Every RIFF file starts with a header with three four-byte fields. The data structure is this:

C#
public string sGroupID;       //Surprisingly enough, this is always "RIFF"
public uint   dwFileLength;   //File length in bytes, measured from offset 8
public string sRiffType;      //In wave files, this is always "WAVE"

RIFFs are composed of sections called, awkwardly enough, "chunks". Each chunk starts with an eight-byte header:

C#
public string  sChunkID;       //Four bytes: "fmt ", "data", "fact", etc.
public uint    dwChunkSize;    //Length of header in bytes

The Joys of Proprietary File Formats

Unfortunately, while some official documents established the basics of the file format, no official standard was ever published for the wave file. In the absence of official documents, people did what they do best: improvise. As a result, there are many different chunk types, many of which duplicate and triplicate functionality. For the time being, we'll ignore most of these chunk types, and focus on the two that are guaranteed to be in every wave file: the format chunk and the data chunk.

Chunkin'

The format chunk details all the necessary information about the audio data, including the format of the audio (we assume, for now, uncompressed Pulse Code Modulation audio), the number of channels (mono, stereo, quadraphonic, 5-channel), the audio's frequency, the number of bits per audio sample (usually, 8 or 16), and the number of bytes in a frame. The data structure for this chunk is this:

C#
public string  sChunkID;        //Four bytes: "fmt "
public uint    dwChunkSize;     //Length of header in bytes
public ushort  wFormatTag;      //1 if uncompressed Microsoft PCM audio
public ushort  wChannels;       //Number of channels
public uint    dwSamplesPerSec; //Frequency of the audio in Hz
public uint    dwAvgBytesPerSec;//For estimating RAM allocation
public ushort  wBlockAlign;     //Sample frame size in bytes
public uint    dwBitsPerSample; //Bits per sample

Wait just a minute, you say. Frame? A frame is the same thing as a sample, but not the same thing as a sample. Understand? You've got to keep this straight; it's very important. OK, OK, I'll explain. A frame is one whole multichannel audio sample. The SamplesPerSecond field actually gives the number of frames per second. The BitsPerSample field, on the other hand, refers to the number of bits in a single channel of a sample.
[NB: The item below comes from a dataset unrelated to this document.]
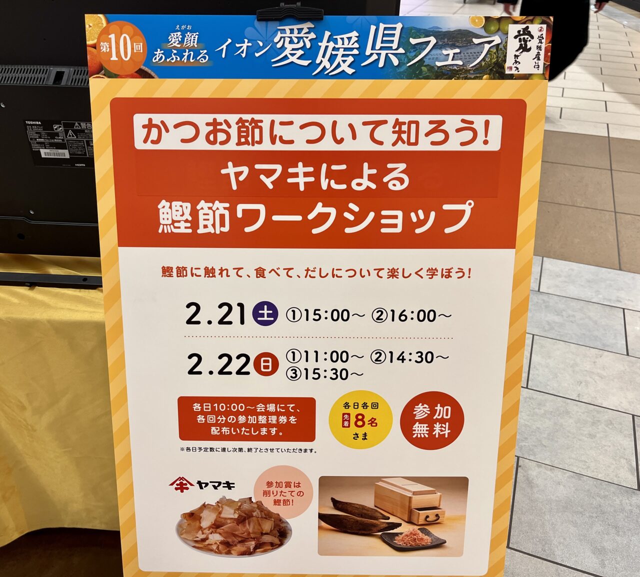 2月21日(土)には、開催記念セレモニーや「みきゃんグッズの詰め合わせ」が当たるお楽しみ抽選会のほか、愛媛県の鰹節・だしの会社「ヤマキ」による鰹節ワークショップも行われるようです。

The other chunk is even more essential: the data chunk. As you might expect, it contains all the PCM audio data. It has a very simple data structure:

C#
public string  sChunkID;       //Four bytes: "data"
public uint    dwChunkSize;    //Length of header in bytes
//Different arrays for the different frame sizes
public byte  [] byteArray;     //8 bit unsigned data; or...
public short [] shortArray;    //16 bit signed data

What effect does the signed/unsigned convention have on our data? Well, that's a very good question, and one we'll address when we take apart a sample file below.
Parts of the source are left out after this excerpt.